Building A Healthy Portfolio
Ali On Content / 11 May 2009
Control expenditure instead of controlling savings
Q. I have read your impressive suggestions to the readers of Dalal Street. Kindly guide me as well.
I am a 30-year-old individual (single) working with MNC at a package of Rs 4.50 lakh p.a. I have an investment of over Rs 900,000, the break-up of which as on 3rd April 2009 is as follows :-
1. Rs 6.10 lakh in equity (current market value Rs 3.27 lakh)
2. Rs 2.63 lakh in MF (current market value Rs 1.48 lakh)
3. Rs 30,000 in PPF (started in 2006-07)
4. Life insurance from Bajaj for Rs 50,000 as sum assured at a premium of Rs 5,900/- p.a.
5. Rs 2 lakh in fixed deposits and Rs 1 lakh in savings account
I have stopped my SIP with HDFC Equity Fund, SBI Magnum Contra, Reliance Vision & Reliance Div. Power Fund from Jan' 09 because I have seen no salary increase this year and job insecurity. I have taken health insurance from ICICI Pru (critical care and healthcare for a premium of Rs 7,700 p.a. for sum assured of Rs 5 lakh). I understand that I am under-insured and want to take up some term plan. Kindly suggest me the one with lowest premium and high sum assured.

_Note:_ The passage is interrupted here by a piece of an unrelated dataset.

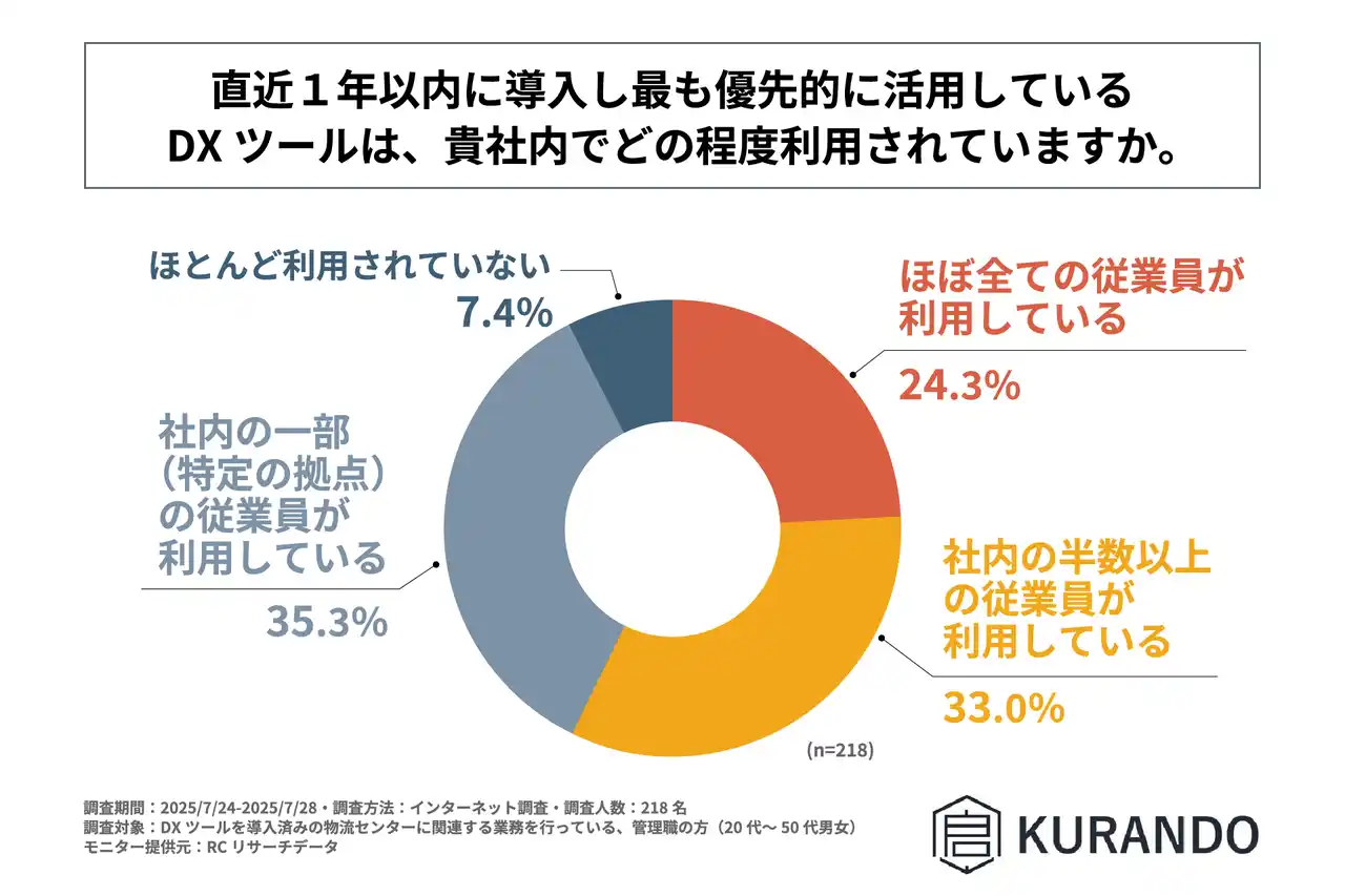 株式会社KURANDO(本社:東京都品川区、代表取締役:岡澤 一弘)は、DXツールを導入済みの物流センターに関連する業務を行っている管理職の方を対象に「物流センターにおけるDXツールの導入効果と課題」に関する調査を実施しました。この調査から、DXツールを導入済みの物流センターにおけるDXツールの導入状況や効果、課題などが明らかになりました。

My near term plan is to purchase a house worth Rs 35-40 lakh, foreign tour with spouse in the next financial year (June 2010).
Need your guidance in building a healthy portfolio for good returns with a perspective of 10-15 years. I am not in need of disinvesting from my current holding.
- Gaurav Wason, Punjab
A. Yes, Gaurav, I can understand the insecurity affecting you. Typically such a situation can be handled by reserving about 6 to 12 months of expenses in a fixed deposit account or a liquid fund. You already have a health cover to manage emergencies. It is recommended that you control expenditure instead of controlling savings! Savings for expenditure in the near-term is best made into liquid plus plans or short-term income plans.
You will require a life cover of about Rs 45 to 50 lakh totally. If you have any liabilities which you do not want to saddle your wife with, please add the number to this! I have suggested two term plans for your reference.
LIC has two term insurance plans, LIC Anmol Jeevan Plan which covers till the age of 55 and has a cap in sum assured at Rs 25 lakh and LIC Amulya Jeevan which covers till the maximum age of 70 years (policy tenure from 5 -35) and the minimum sum assured is Rs 25,00,001.
For longer term savings, you must include retirement as a goal. Please look into my earlier columns where you can read how retirement is to be treated.